In the entries below, begin at the line that has "Gold-Accented Citrine and" and stop after the line that has "Hijas patean, se"; output those lines exactly, leaving out pictures.

▼

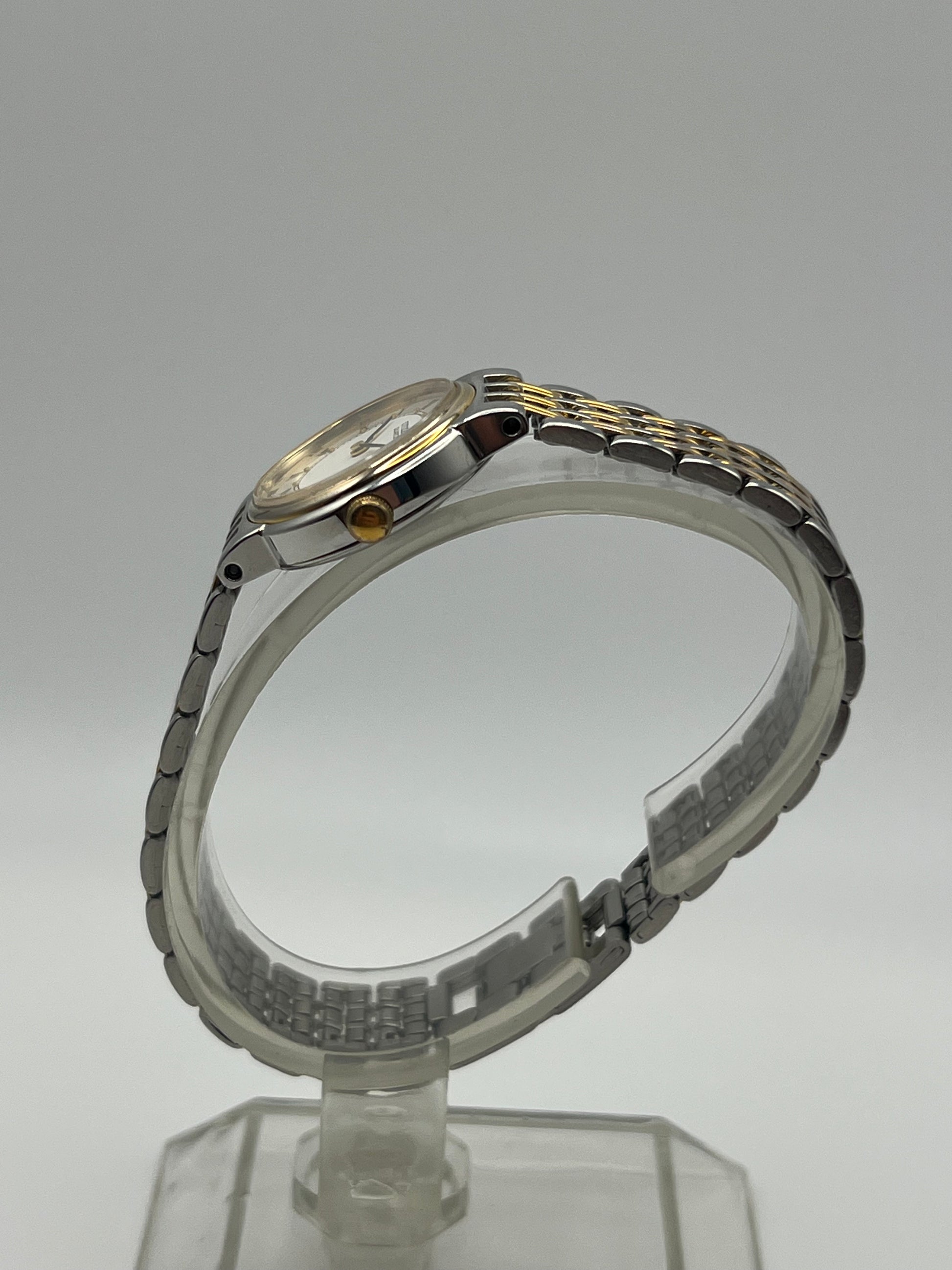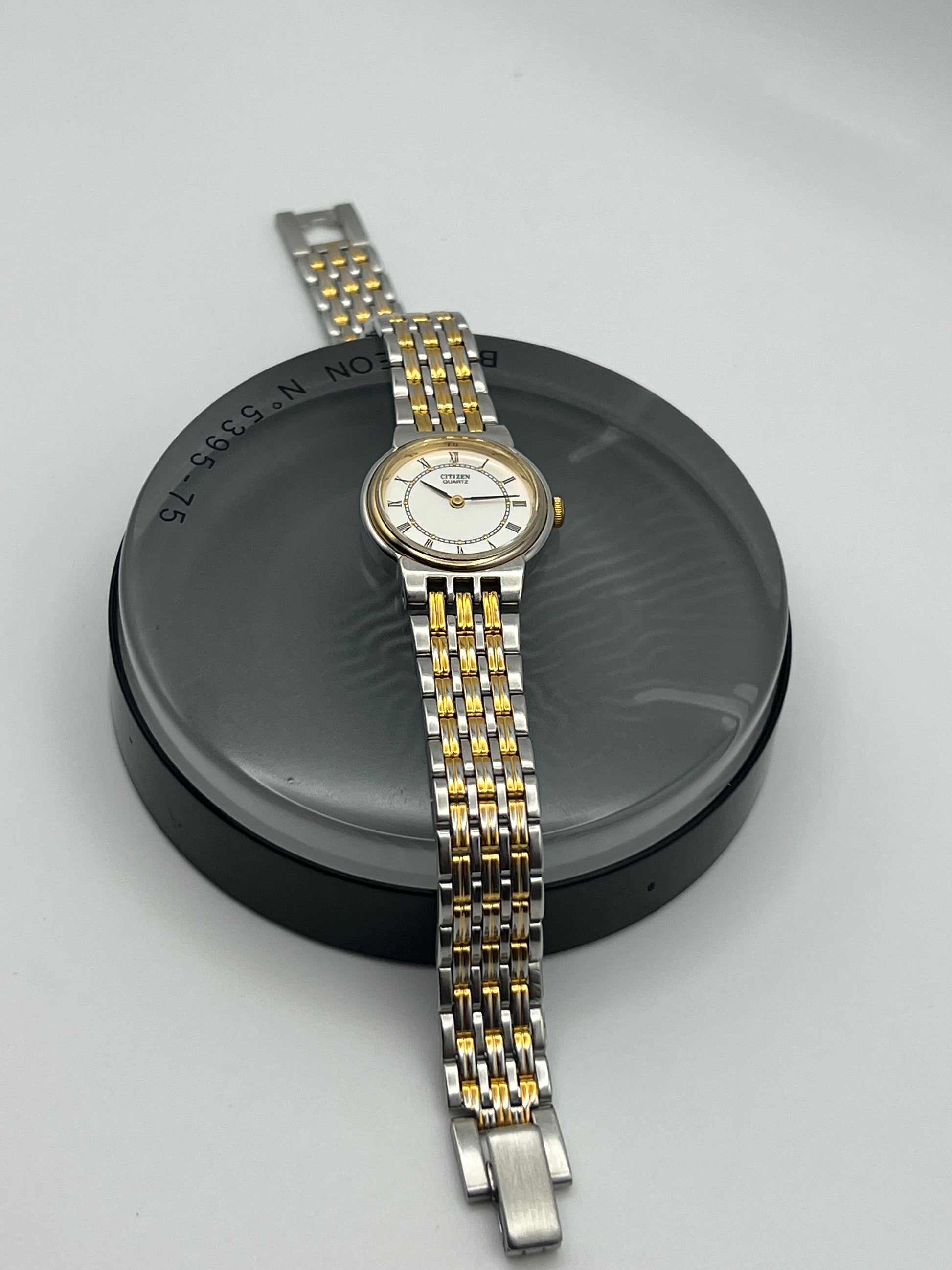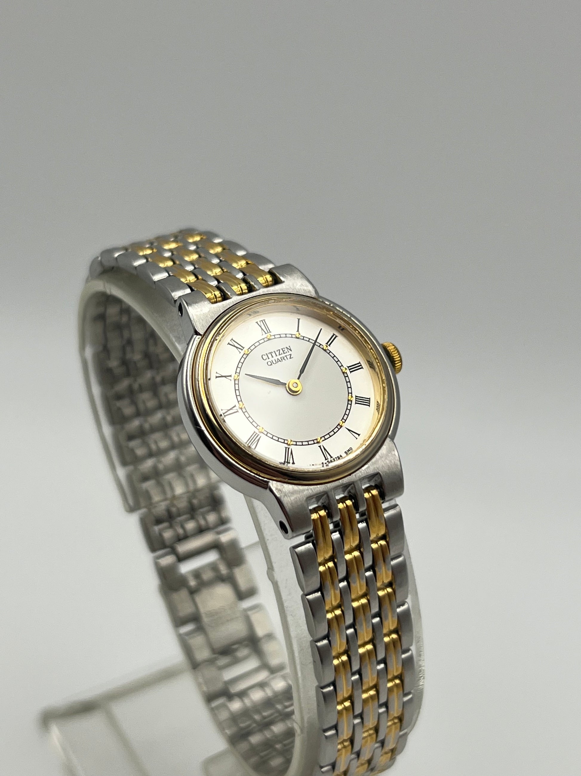 Timeless and elegant, this vintage 90’s Ladies Citizen 3220-S13271 Quartz 2-Tone blends classic design with reliable quartz accuracy. The gold and silver tones flow seamlessly together, creating a polished look that complements any outfit. The dial features clean markers and a matching handset, all framed by subtle Citizen Quartz branding. Powered by a dependable quartz movement, it keeps time accurately with minimal maintenance. Light surface wear consistent with age, fresh battery installed, and running smoothly. A versatile vintage piece that adds a touch of sophistication to everyday style.
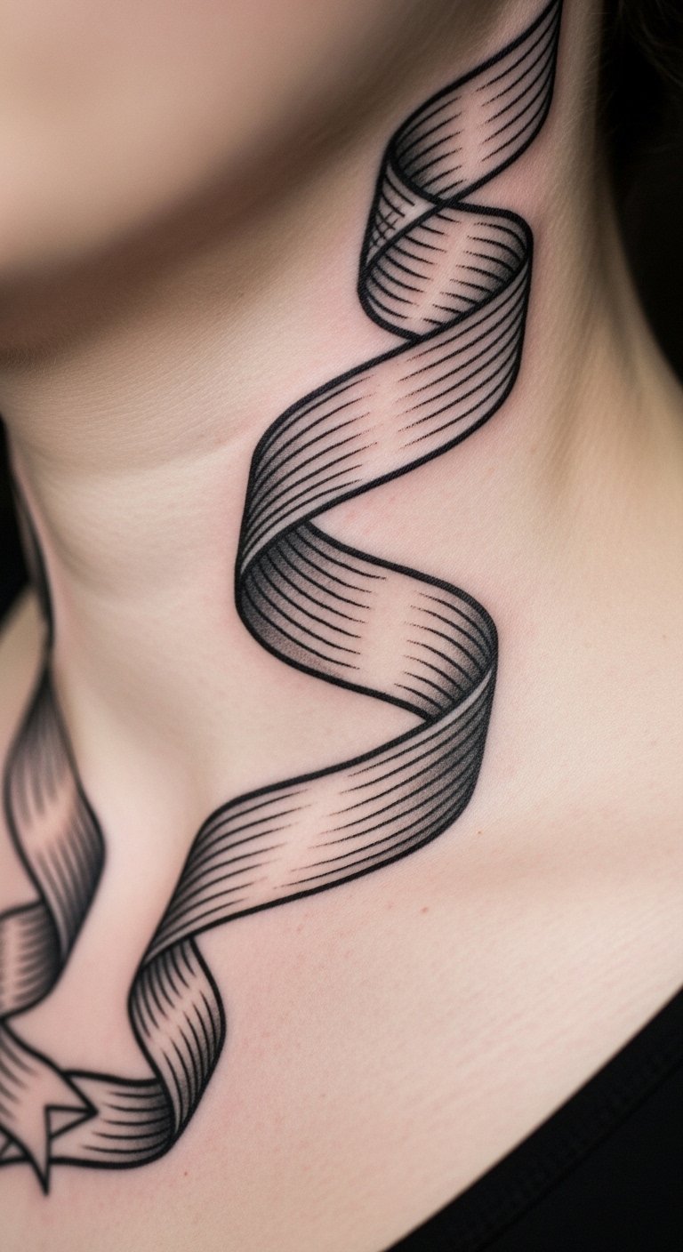 Ribbons that twist on your neck. Ribbon drawings on paper help plan it. Necks offer bold, visible spots. Black lines keep it economical. Make them follow your neck’s curve. Use ribbons as body tracers. Artists do these quickly and cheaply. The twist adds motion easily. Heal with daily routines. Accessorize with collars.
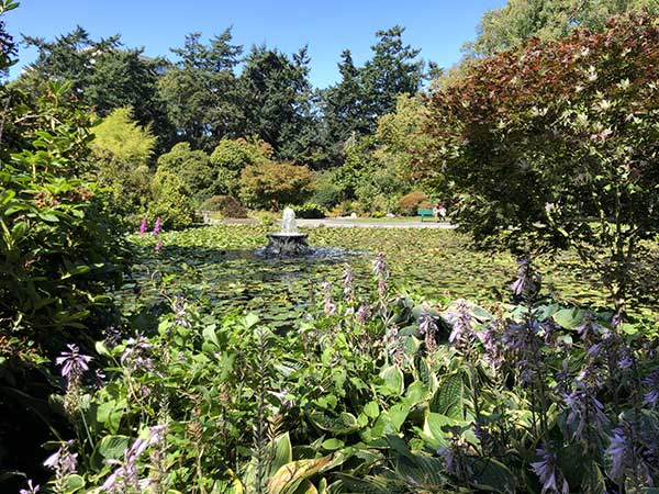 Per pranzo abbiamo comprato, panini, formaggio e biscotti e siamo andati a Beacon Hill Park, un parco urbano sulla collinetta che domina Victoria. Abbiamo pranzato tra oche, papere e scoiattoli in riva al lago con la fontana. Avete mai visto una fontana in un lago? Idea bizzarra, ma l’effetto è super romantico.
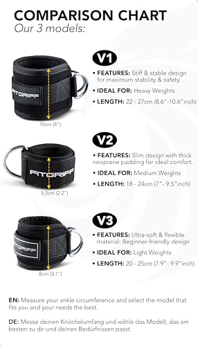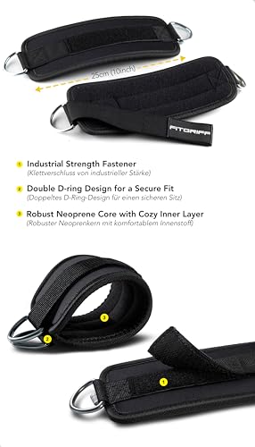 BUILT TO LAST – Crafted for durability, FITGRIFF’s Ankle Straps boast industrial-strength Velcro, reinforced seams, and premium construction. Their innovative design includes double D-rings to ensure an even distribution of weight, providing steadfast support through every rep and set.
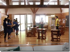 午前中は、学年ごとに会場設営や出し物のリハーサルをしました。プロの噺家やスタッフの方の指導のもの、着々と準備が進んでいきました。
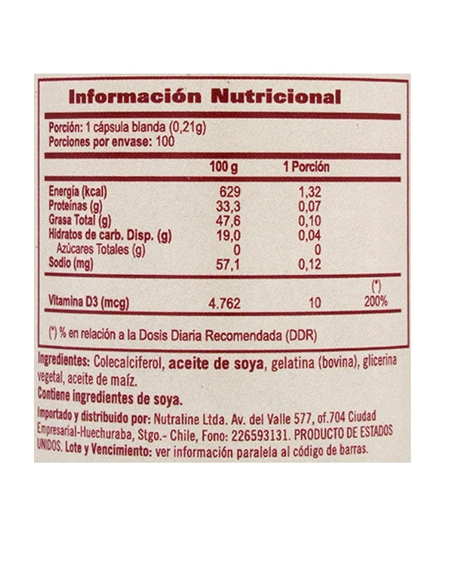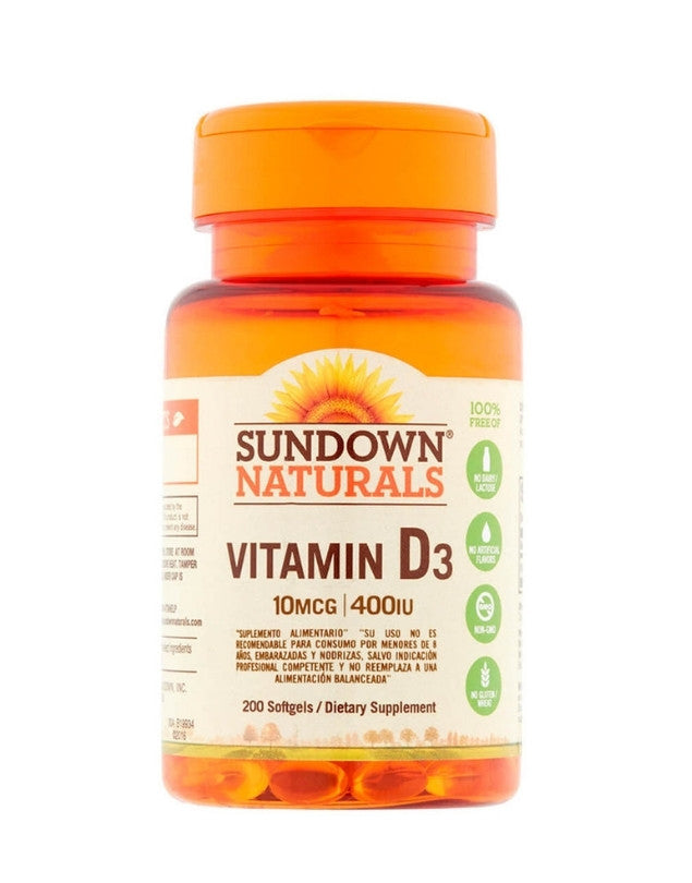 Vitamina D3, 400 UI, 200 softgel, marca Sundown. La exposición solar favorece la producción de Vitamina D, por lo tanto la falta de exposición a la luz solar puede reducir los niveles de vitamina D en el organismo, sobretodo en épocas de invierno; motivo por el cual es fundamental complementar la ingesta de Vitamina D con algún suplemento. La Vitamina D, fortalece la salud del sistema inmune y contribuye a mantener los huesos y dientes fuertes. También mejora la absorción de Calcio y Fósforo.
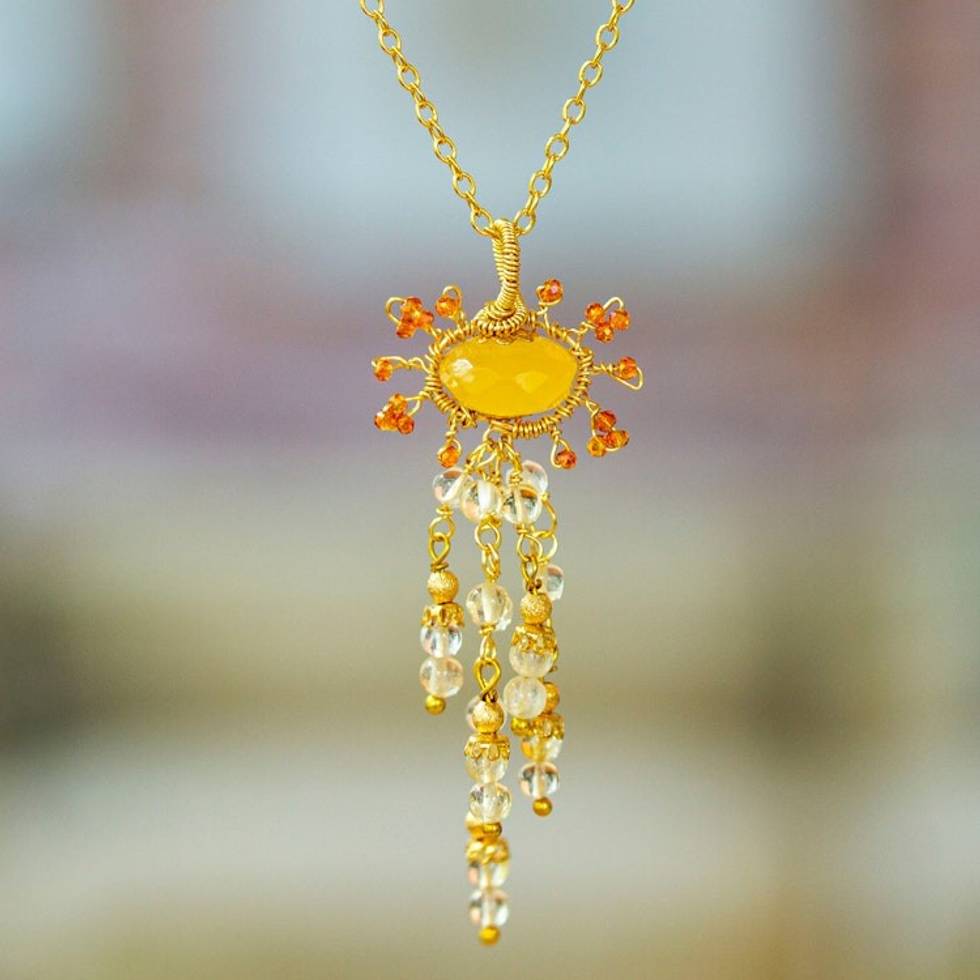 Gold-Accented Citrine and Cubic Zirconia Pendant Necklace 'Absolute Joy' Item ID: 2671807591
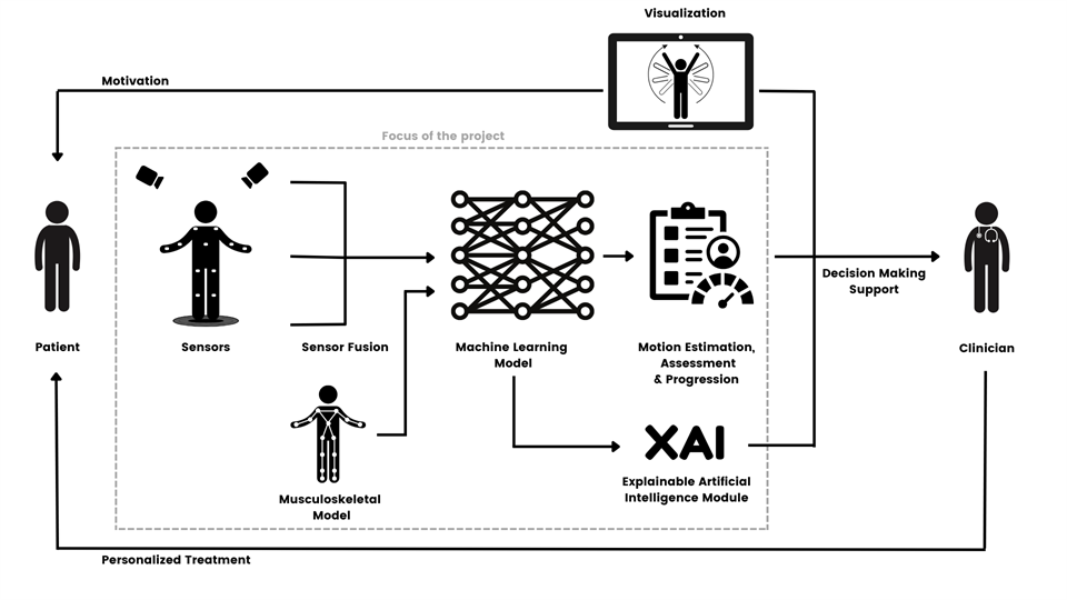 Det primære målet med prosjektet er å utvikle et automatisert system for estimering og vurdering av menneskelig bevegelse, spesielt skreddersydd for rehabilitering av slagpasienter. Dette systemet vil integrere data fra en rekke sensorer, ved hjelp av en datafusjonstilnærming og en muskel- og skjelettmodell for å generere omfattende bevegelsesestimater. De resulterende estimatene vil bli brukt til å analysere pasientens motoriske funksjon og rehabiliterings fremgang gjennom bruk av ML-algoritmer. En enkel oversikt over det foreslåtte systemet kan sees i fig. 1. Det forventede resultatet av denne forskningen er en ny tilnærming til utvinning og tolkning av bevegelsesdata som vil gi klinikerne innsikt som kan støtte dem i beslutningsprosessen.
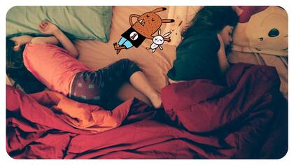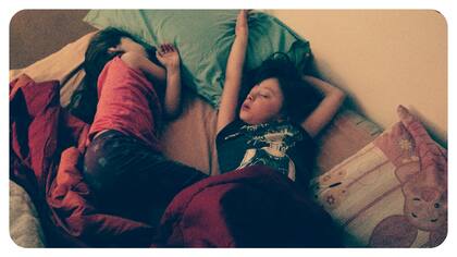 Hijas patean, se dan vueltas, se expanden, dibujan diagonales, líneas horizontales; no hay pizca de organización del cuerpo en la cama, no importa que la almohada esté de un lado, que a su lado haya otro ser humano... (demos gracias que no se caen).
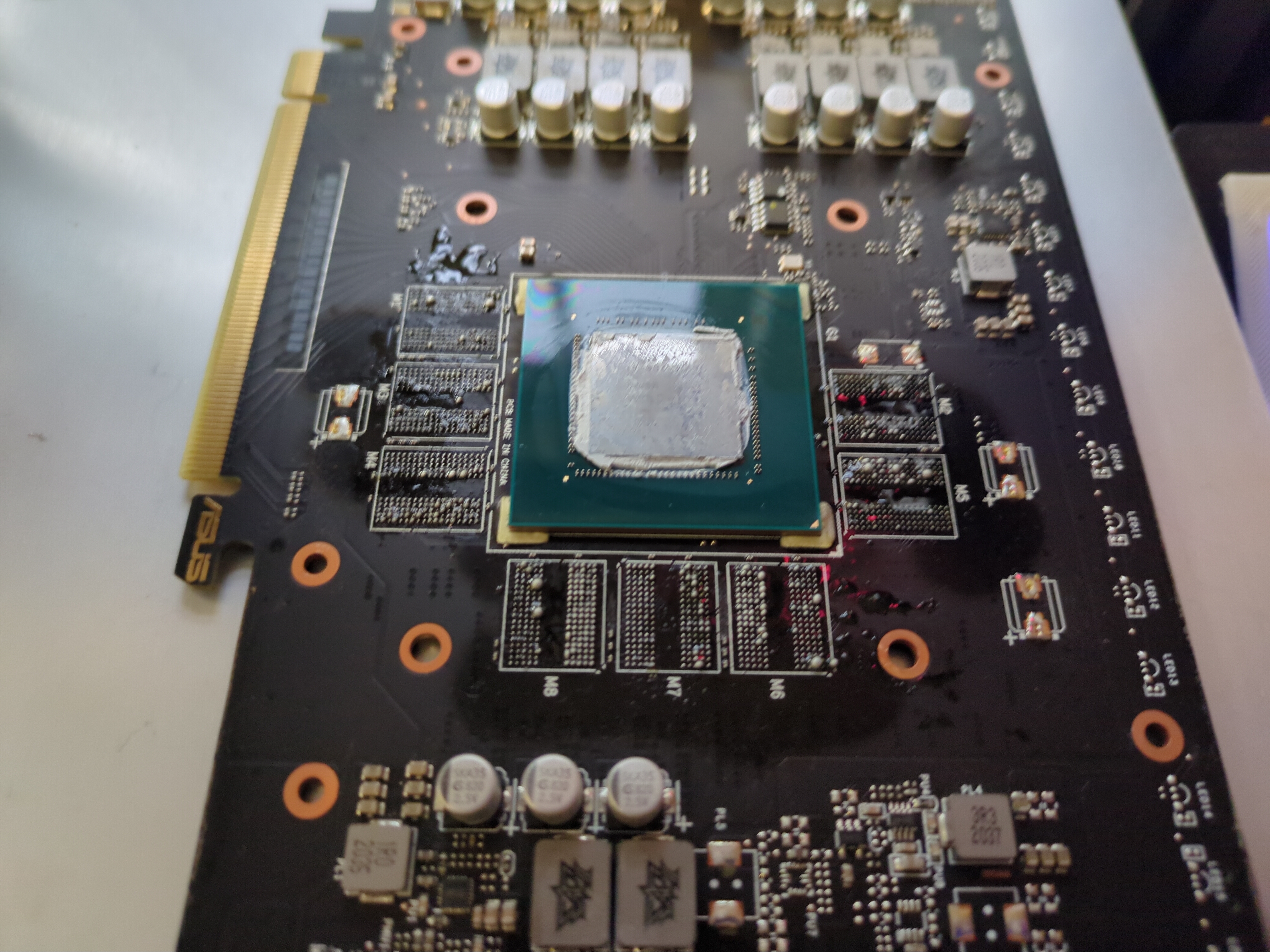 Tap the side of the chip occasionally after the flux mostly boils away. This depends on the flux, but I noticed after it stopped smoking so much, the solder is near liquid. And yes use a fume extractor because there will be LOTS and LOTS of flux fumes. You will smell like flux after you are done. When the solder is fully molten, the chip should move when you tap it. Heat the chip for 5 more seconds, then carefully slide the tweezer underneath the chip, and slowly lift up and away. There were tiny 0201 capacitors next to the chips and I only knocked off one. Just be very patient and carefully lift the chip. Of course, keep the hot air over the chip while you are doing this. A video is a thousand words, so watch GPU Solutions video to see how its actually done. This is what the 3060ti looked like after:

▲

Result ::
 Gold-Accented Citrine and Cubic Zirconia Pendant Necklace 'Absolute Joy' Item ID: 2671807591
 Det primære målet med prosjektet er å utvikle et automatisert system for estimering og vurdering av menneskelig bevegelse, spesielt skreddersydd for rehabilitering av slagpasienter. Dette systemet vil integrere data fra en rekke sensorer, ved hjelp av en datafusjonstilnærming og en muskel- og skjelettmodell for å generere omfattende bevegelsesestimater. De resulterende estimatene vil bli brukt til å analysere pasientens motoriske funksjon og rehabiliterings fremgang gjennom bruk av ML-algoritmer. En enkel oversikt over det foreslåtte systemet kan sees i fig. 1. Det forventede resultatet av denne forskningen er en ny tilnærming til utvinning og tolkning av bevegelsesdata som vil gi klinikerne innsikt som kan støtte dem i beslutningsprosessen.
 Hijas patean, se dan vueltas, se expanden, dibujan diagonales, líneas horizontales; no hay pizca de organización del cuerpo en la cama, no importa que la almohada esté de un lado, que a su lado haya otro ser humano... (demos gracias que no se caen).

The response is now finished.